We constructed and then validated a novel tool based on three miRNAs to predict LNM development for patients with HCC after hepatectomy. Our miRNA prediction model incorporates the following five factors: vascular invasion, BCLC stage, miR-145, miR-31, and miR-92a. Vascular invasion and BCLC stage are known prognostic factors for HCC [30, 31]. MiR-145 is known to promote LNM in colorectal cancer (CRC) [32]. The increased expression of heat shock protein 27 (Hsp-27), an up-regulated target of miR-145, is responsible for LNM in CRC [32]. MiR-31 promotes LNM in lung ADC through the activation of ERK1/2 signaling [10]. MiR-92a targeted suppressed E-Cadherin (CDH1) expression to promote LNM in esophageal squamous cell carcinoma [33]. And we are going to investigate the molecular mechanism of abnormal miRNAs expression associated with LNM in HCC by a large prospective research. It may have a little limitation for that some potential miRNAs may be not included in the study. We are going to screen significant miRNAs on a large scale through miRNA microarray in future research to enrich and perfect the microRNA-based prediction model for LNM in HCC.

To our knowledge, the significance of such a prediction model has not been unveiled in HCC, especially with respect to LNM. The miRNA-based prediction model effectively and accurately classifies post-hepatectomy HCC patients into groups with low risk and high risk of developing LNM. This model could be implemented for routine clinical use, and serve as a valuable tool for determining optimal treatment strategies for HCC patients. Traditional approaches include palliative radiotherapy after LNM. However, our model can identify high-risk HCC patients in advance, just after hepatectomy, which may help to guide the therapeutic strategy. These high-risk patients can be treated with prophylactic radiotherapy for regional lymph nodes during the earliest stages before LNM develops.
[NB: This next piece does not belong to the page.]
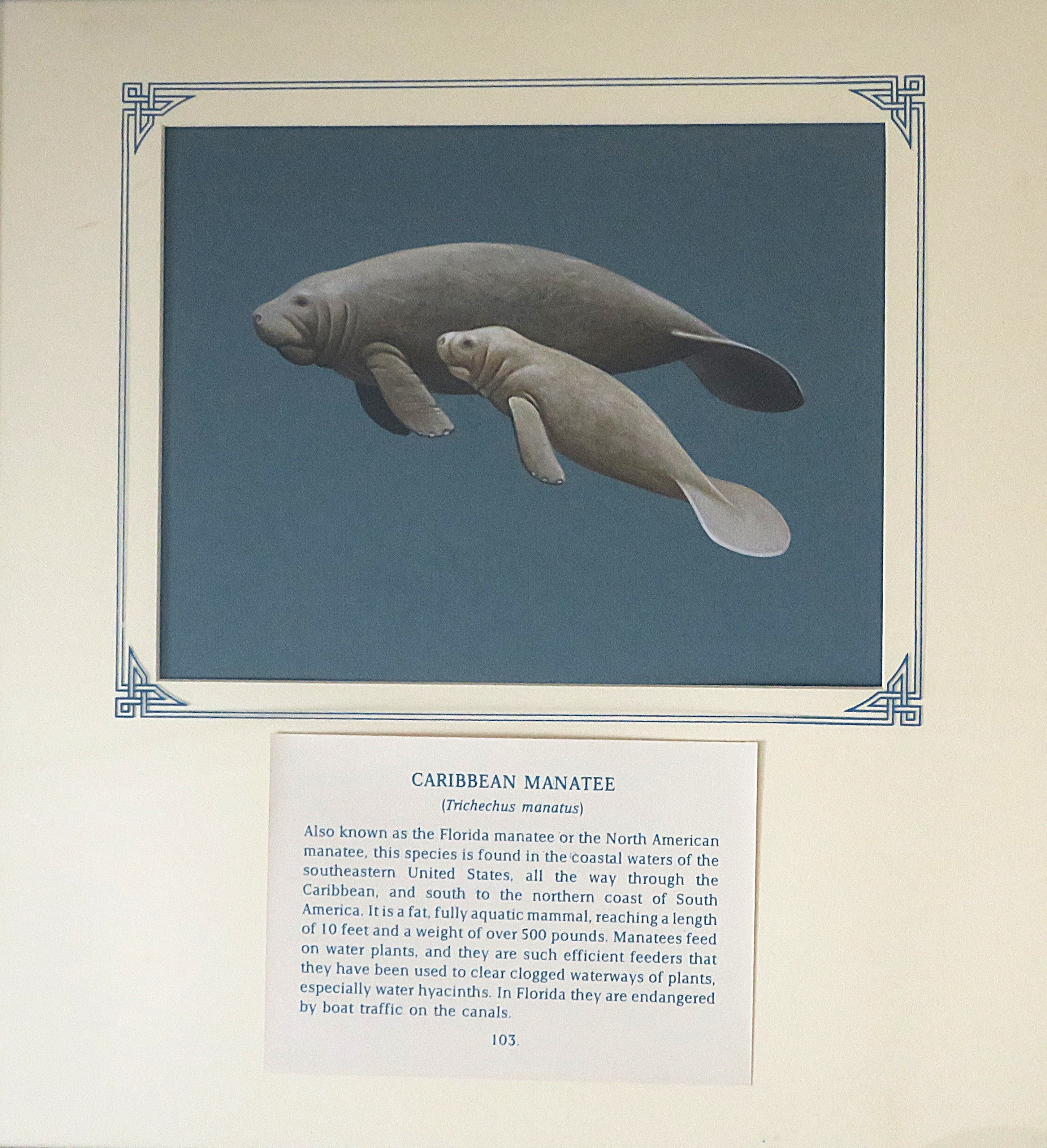 Also know as the Florida manatee or the North American manatee, this species is found in the coastal waters of the southeastern United States, all the way through the Caribbean, and south to the northern coast of South America. It is a fat, fully aquatic mammal, reaching a length of 10 feet, and a weight of over 500 pounds. Manatees feed on water plants, and they are such efficient feeders that they have been used to clear clogged waterways of plants, especially water hyacinths. In Florida they are endangered by boat traffic on the canals.

This strategy could replace the current passive palliative treatment with active preventative treatment to suppress LNM development. Thus, the LNM incidence in HCC can be reduced, and the life quality and survival of patients can be improved. This predictive model also may provide new therapeutic targets and facilitate decisions regarding individualized clinical therapies.

In summary, the results confirm that our miRNA-based model is a good prognostic system to predict LNM in HCC patients. The predictive model is reliable and accurate for predicting LNM development in HCC patients. Further studies of larger cohorts are required, and the model should be validated in a prospective study. The mechanisms of abnormal miRNA expression in HCC are currently unclear, which requires investigation in future research.

MATERIALS AND METHODS

Ethics statement

Investigation had been approved by the Ethical Review Board of Zhongshan Hospital, Fudan University. Informed consent had been obtained from all participants included in this study.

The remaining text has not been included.